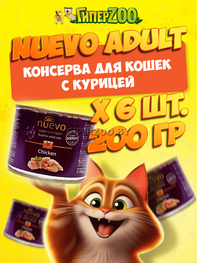 Nuevo консервы для взрослых кошек с курицей Характеристика nuevo Chicken — высокое сочетание мяса (71%), богатого ценным белком. Этот корм соответствует индивидуальным потребностям чувствительного кота, он содержит только свежее мясо в сочетании с необходимыми витаминами и минералами. nuevo Chicken — замечательный источник энергии, легко усваиваемый и очень вкусный. Состав: 32% курица, мясной бульон 27%, минеральные вещества 1%.
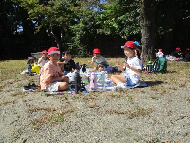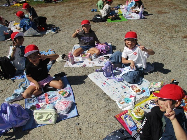 みんなでお家の人が準備してくれたおいしそうなお弁当を食べました。
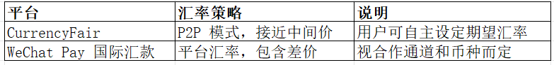 CurrencyFair 采用 P2P 汇兑模式,主打低汇率差;WeChat Pay 国际汇款则依赖合作通道,主打便利和速度。
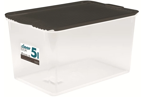 Průhledný úložný box s víkem se hodí na jakékoli drobnosti, které potřebujete mít po ruce. Objem tohoto boxu je 5 litrů.
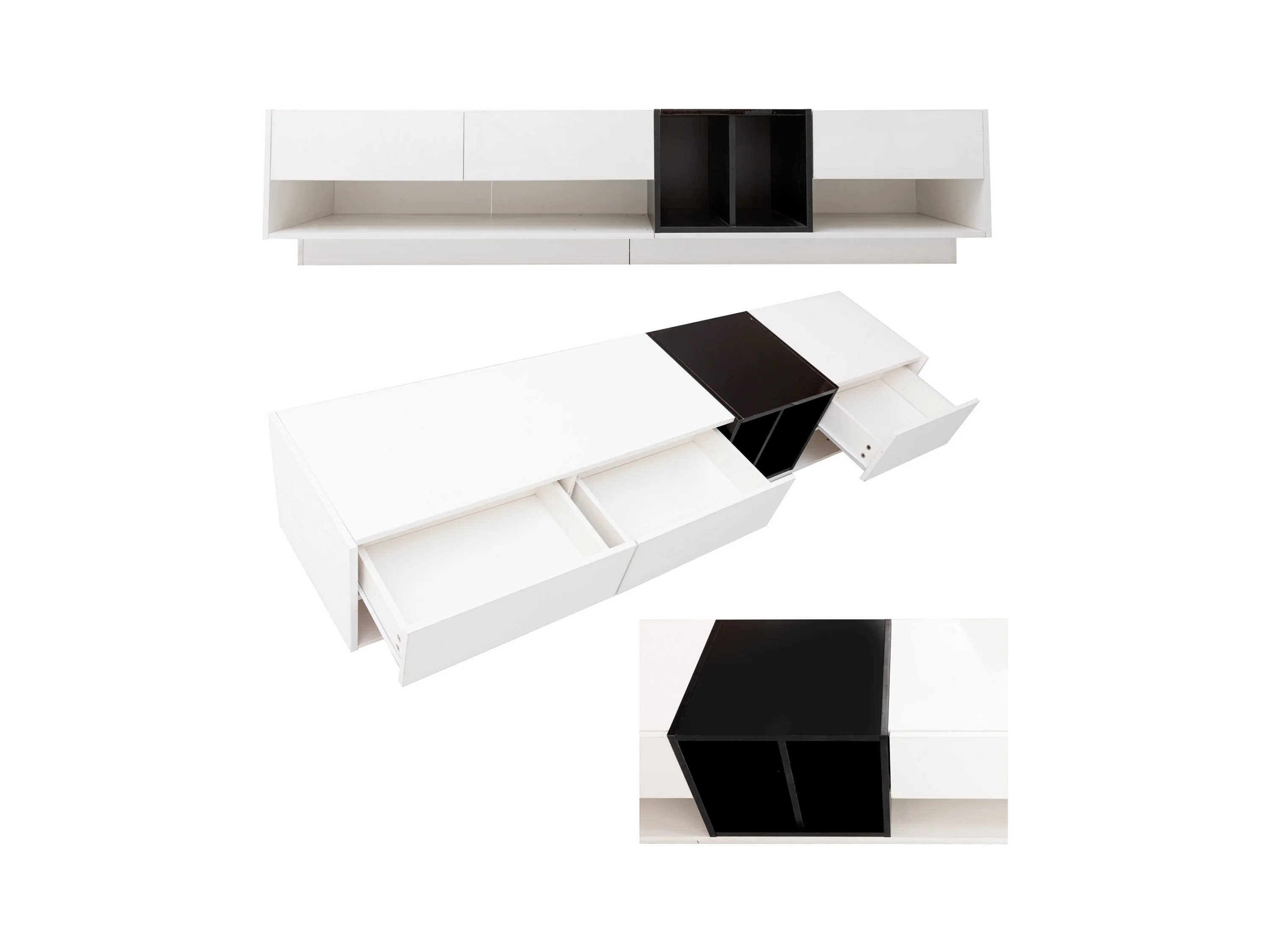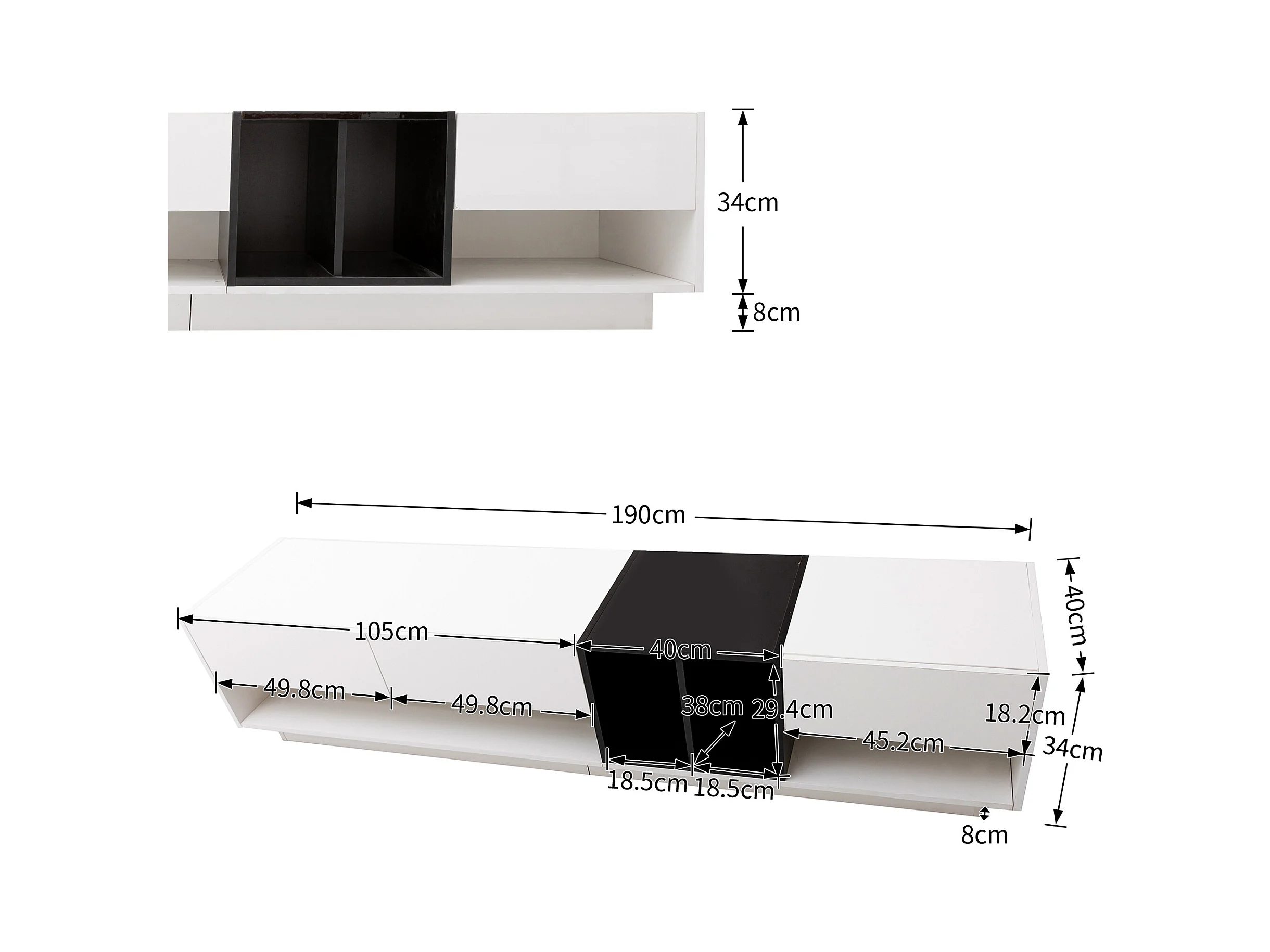Lowboard TV-Schrank Hochglanz-Weiß & Schwarz 190 x 40 x 42cm TV-Board Fernsehschrank Kommode Farbblockierendes Design

Work to complete » Print all the records exactly, minus any images.

Answer for the task »
 Nuevo консервы для взрослых кошек с курицей Характеристика nuevo Chicken — высокое сочетание мяса (71%), богатого ценным белком. Этот корм соответствует индивидуальным потребностям чувствительного кота, он содержит только свежее мясо в сочетании с необходимыми витаминами и минералами. nuevo Chicken — замечательный источник энергии, легко усваиваемый и очень вкусный. Состав: 32% курица, мясной бульон 27%, минеральные вещества 1%.
 みんなでお家の人が準備してくれたおいしそうなお弁当を食べました。
 CurrencyFair 采用 P2P 汇兑模式,主打低汇率差;WeChat Pay 国际汇款则依赖合作通道,主打便利和速度。
 Průhledný úložný box s víkem se hodí na jakékoli drobnosti, které potřebujete mít po ruce. Objem tohoto boxu je 5 litrů.
Lowboard TV-Schrank Hochglanz-Weiß & Schwarz 190 x 40 x 42cm TV-Board Fernsehschrank Kommode Farbblockierendes Design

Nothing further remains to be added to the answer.